Participants were assigned to the disease-specific subgroups based on their ICD-10 diagnoses. Subjects with more than one of the analysed conditions (i.e., CeD, UC, or CD) were excluded (n = 868). The remaining participants were used as the reference cohort (Supplementary Fig. S1). ICD-10 diagnoses obtained from medical reports were collected for each subject, and duplicates were removed. To perform a PheWAS analysis, all ICD 10-codes were converted into Phecodes using the "PheWAS" R package49,50. Phecodes represent a high-throughput phenotyping tool used to rapidly define the case/control status of clinically meaningful diseases and conditions48. Using this package, a series of case–control tests were performed: (1) each analysed case group was generated by including patients with the corresponding Phecode; (2) individuals were assigned to the control group when they lacked the tested Phecode; and (3) to ensure statistical power, analysis was restricted to Phecodes with at least 200 cases51. Autoimmune Phecodes were identified using the official list of the American autoimmune association52.

Statistical analysis

All continuous variables are presented as the mean ± standard deviation. Categorical variables are displayed as absolute and relative frequencies. Odds and hazard ratios are presented with their corresponding 95% confidence intervals (CIs). Hazard ratios were calculated using Cox proportional hazard regression models.

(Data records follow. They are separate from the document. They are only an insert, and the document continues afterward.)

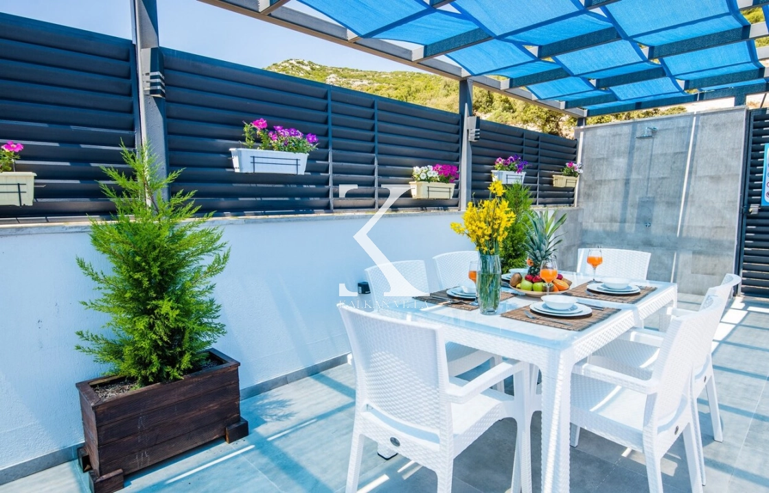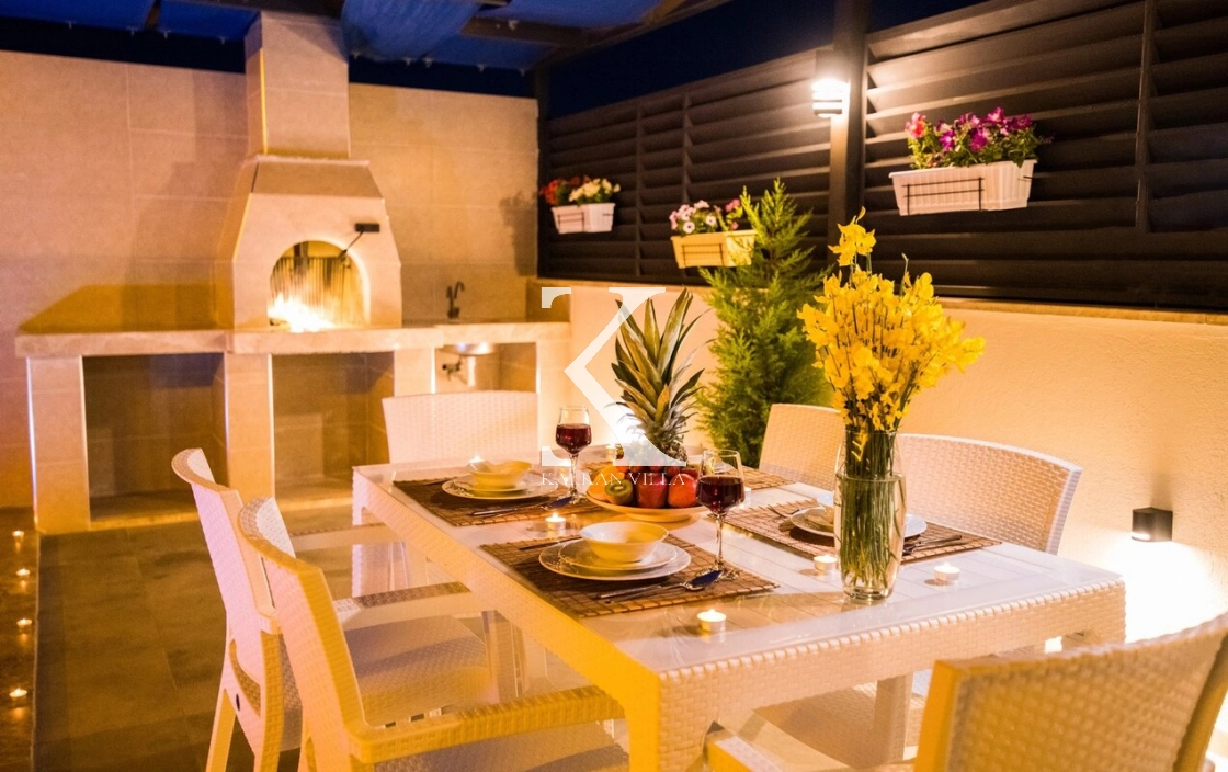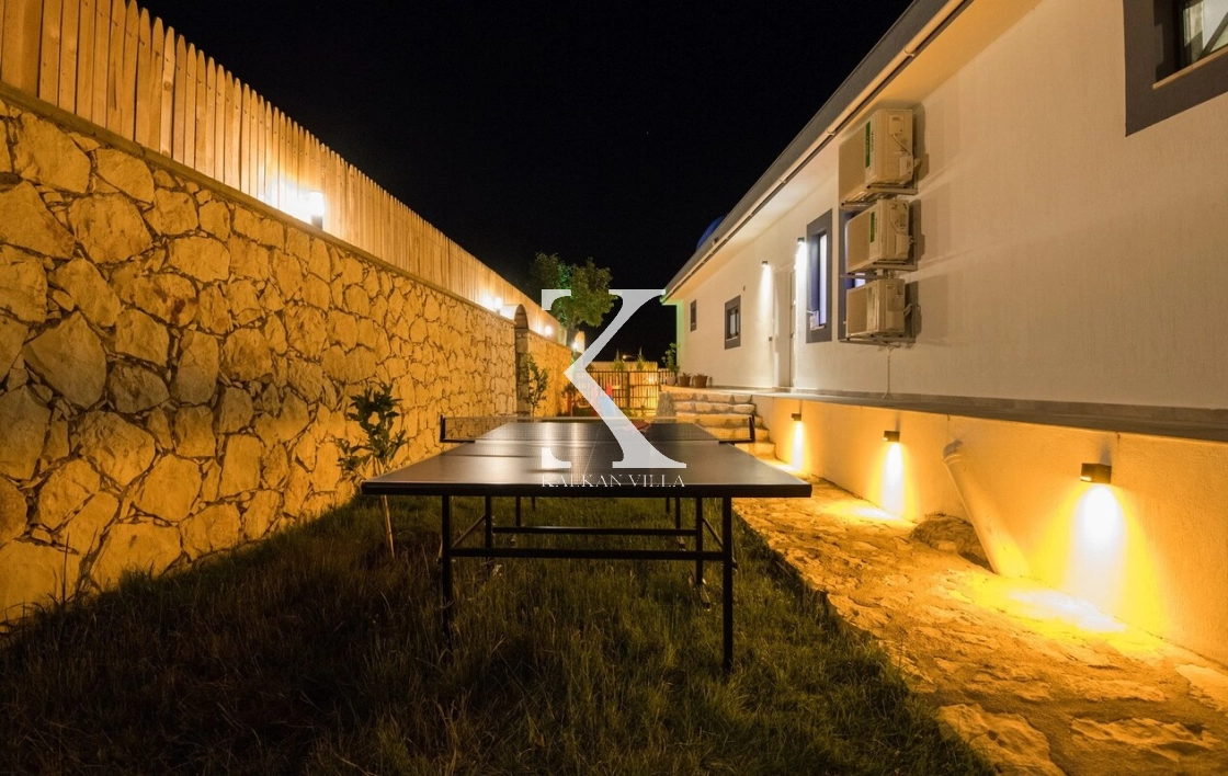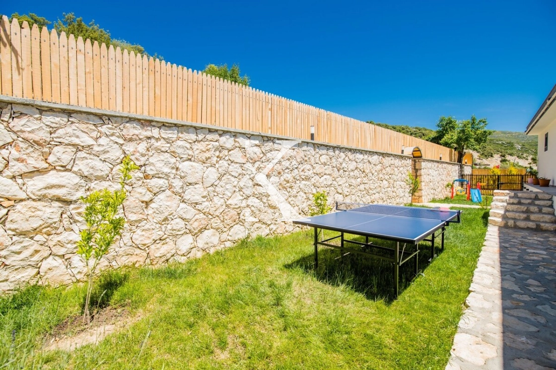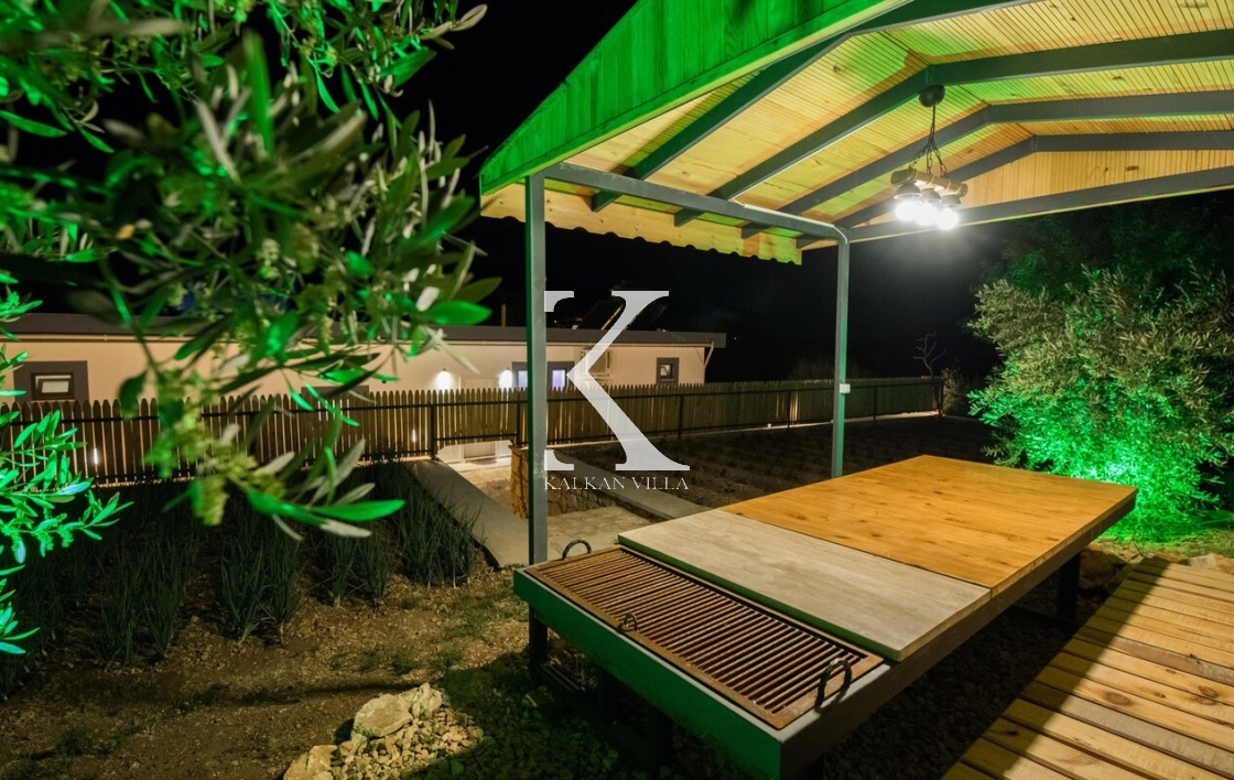 Korunaklı yüzme havuzu, bahçe mobilyaları, şezlonglar, güneş şemsiyesi, salıncak ve pergola alanı bulunmaktadır.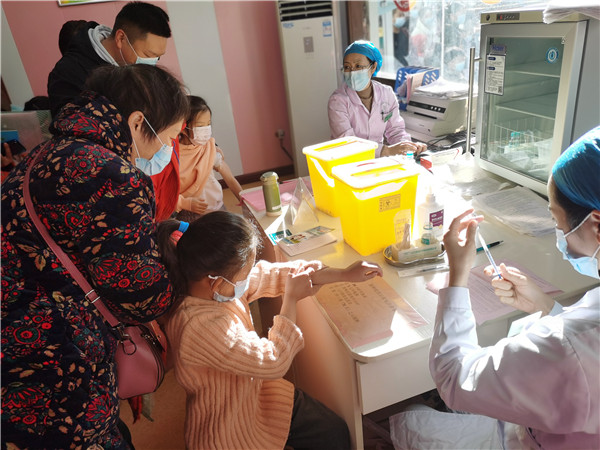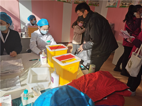 11月9日早上,周口市六一路小学学生在监护人的陪同下,来到社区门诊接种新冠疫苗。信息填报、电脑信息登记、完成注射、接种后留观等每一环节都做到专人指引,现场秩序井然。疫苗接种现场,学生有序排队入场,家长全程陪同,佩戴口罩,间隔一米,确保新冠疫苗接种安全、规范、有序。③3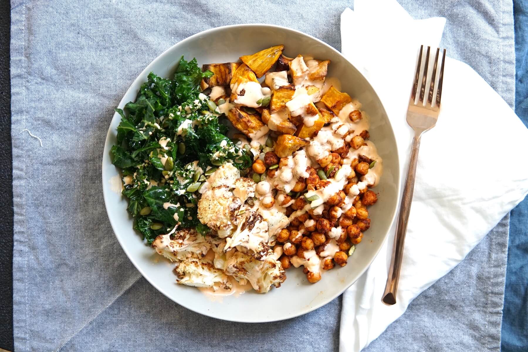SWEET POTATO, KALE, CAULIFLOWER, CHICKPEAS, PUMPKIN SEEDS, AVOCADO OIL, WATER, ORGANIC VINEGAR, SALT, POTATO PROTEIN BLEND, MUSTARD OIL, SALT, CAJUN SEASONING (SEA SALT, CAYENNE PEPPER POWDER, BLACK PEPPER, ONION POWDER, DEXTROSE, GRANULATED GARLIC, MINCED ONION, PAPRIKA, WHITE PEPPER, CANOLA OIL, RED PEPPER, OREGANO, NATURAL LEMON JUICE, SILICON DIOXIDE, THYME, PAPRIKA, CUMIN, SAGE).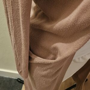Stay cozy and stylish with this elegant tan sweater cardigan. Perfect for layering, this piece adds a layer of warmth and has a flattering fit.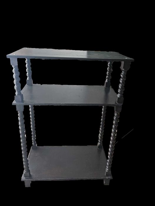 Etajeră vintage din lemn – cu coloane răsucite, 3 niveluri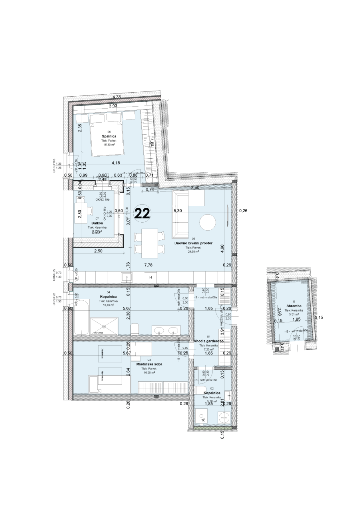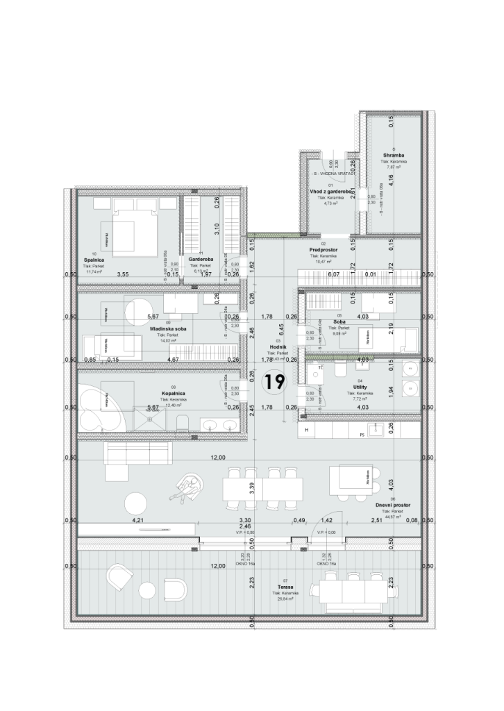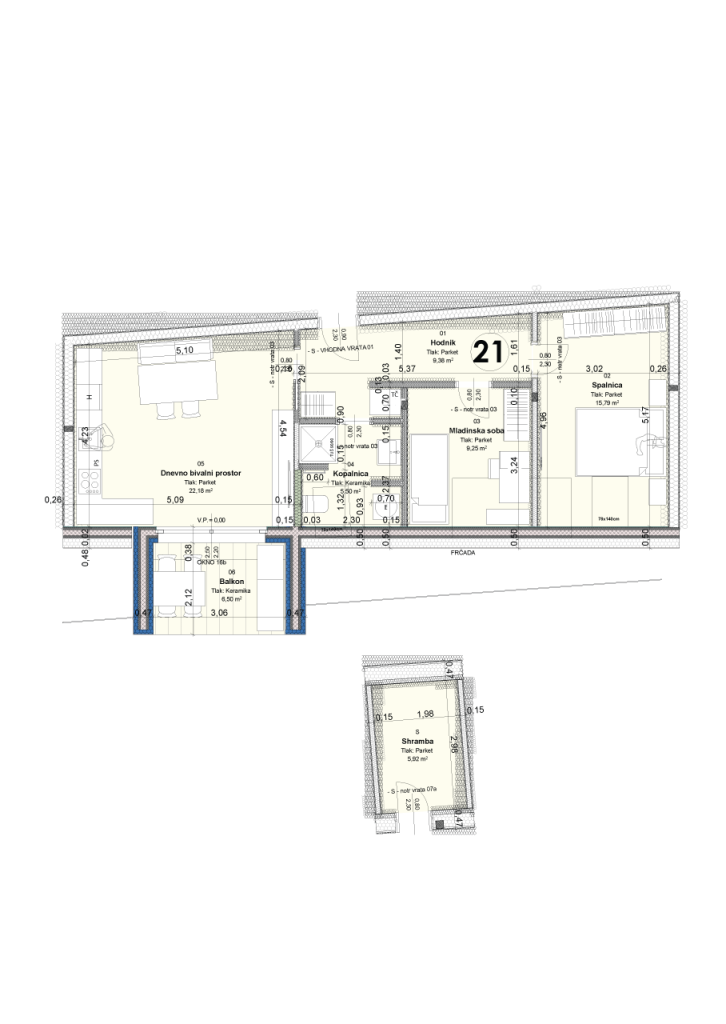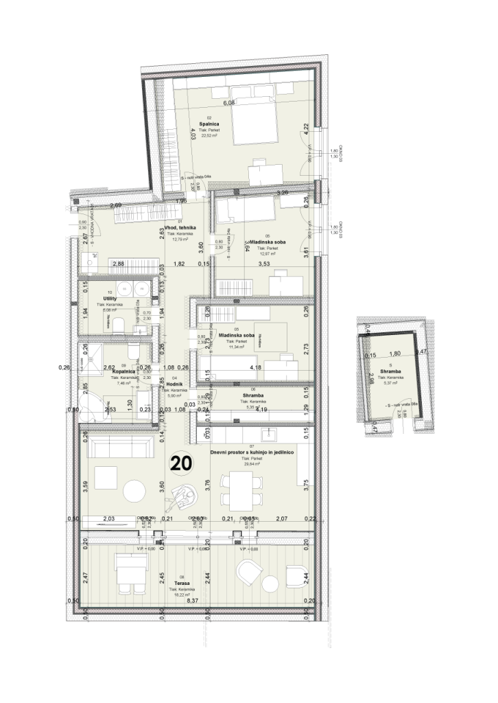 Podatki in tlorisi, ki jih vsebuje spletna predstavitev, so zgolj informativne narave. Točne mere se lahko od projekta do zaključene verzije minimalno spremenijo. Kupec je dolžan pred nakupom nepremičnine vse pomembne podatke skrbno preveriti.

Mortality was depicted as deaths per 1000 person-years, which were calculated using the following formula: (number of deaths/total number of subjects)/mean survival * 1000. To test for independent associations, multivariable logistic regression was used. All multivariable analyses were adjusted for age, sex and body mass index (BMI). PheWAS analysis was performed using the "PheWAS" R package. Bonferroni correction was used to adjust for multiple testing, and differences were considered to be statistically significant when p < 0.05. The data were analysed using SPSS Statistics version 27 (IBM; Armonk, NY, USA) and visualized with Prism version 8 (GraphPad, La Jolla, CA, USA).